(Recorded information)

--- START ---

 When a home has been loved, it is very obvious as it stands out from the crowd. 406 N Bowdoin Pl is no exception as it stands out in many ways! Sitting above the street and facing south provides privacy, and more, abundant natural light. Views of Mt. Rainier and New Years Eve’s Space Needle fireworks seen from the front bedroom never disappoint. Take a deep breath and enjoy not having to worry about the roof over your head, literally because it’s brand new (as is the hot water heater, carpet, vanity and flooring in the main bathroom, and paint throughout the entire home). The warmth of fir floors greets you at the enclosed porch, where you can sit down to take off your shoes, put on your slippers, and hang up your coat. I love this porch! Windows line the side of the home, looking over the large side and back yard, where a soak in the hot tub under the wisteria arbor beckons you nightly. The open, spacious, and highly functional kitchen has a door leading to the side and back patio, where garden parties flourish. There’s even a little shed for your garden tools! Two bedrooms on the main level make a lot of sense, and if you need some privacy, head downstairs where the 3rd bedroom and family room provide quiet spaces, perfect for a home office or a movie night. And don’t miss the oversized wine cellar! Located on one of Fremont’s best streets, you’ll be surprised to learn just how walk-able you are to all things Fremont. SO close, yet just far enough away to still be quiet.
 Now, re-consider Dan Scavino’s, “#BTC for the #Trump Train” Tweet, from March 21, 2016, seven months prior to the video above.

--- END ---
--- START ---

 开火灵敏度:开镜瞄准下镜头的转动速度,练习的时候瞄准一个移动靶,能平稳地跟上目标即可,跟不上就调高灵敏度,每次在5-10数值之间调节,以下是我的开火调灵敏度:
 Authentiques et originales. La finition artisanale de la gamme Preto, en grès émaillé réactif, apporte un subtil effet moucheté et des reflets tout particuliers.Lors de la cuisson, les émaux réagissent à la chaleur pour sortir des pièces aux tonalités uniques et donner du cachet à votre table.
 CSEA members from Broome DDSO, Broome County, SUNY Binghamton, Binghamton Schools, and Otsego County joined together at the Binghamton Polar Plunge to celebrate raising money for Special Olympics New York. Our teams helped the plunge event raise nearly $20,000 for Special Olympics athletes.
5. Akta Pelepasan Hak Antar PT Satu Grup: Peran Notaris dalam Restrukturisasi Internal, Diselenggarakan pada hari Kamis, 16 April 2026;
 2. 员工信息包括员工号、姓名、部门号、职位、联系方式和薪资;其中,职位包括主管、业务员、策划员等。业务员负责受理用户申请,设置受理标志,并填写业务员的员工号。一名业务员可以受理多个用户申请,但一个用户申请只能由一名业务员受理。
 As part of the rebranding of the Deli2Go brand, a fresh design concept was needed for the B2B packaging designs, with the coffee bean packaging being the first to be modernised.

--- END ---

(Task directions) Print exactly the lines above from the one with "2. 员工信息包括员工号、姓" to the one with "As part of the", including both.

(Answer to this task)
 2. 员工信息包括员工号、姓名、部门号、职位、联系方式和薪资;其中,职位包括主管、业务员、策划员等。业务员负责受理用户申请,设置受理标志,并填写业务员的员工号。一名业务员可以受理多个用户申请,但一个用户申请只能由一名业务员受理。
 As part of the rebranding of the Deli2Go brand, a fresh design concept was needed for the B2B packaging designs, with the coffee bean packaging being the first to be modernised.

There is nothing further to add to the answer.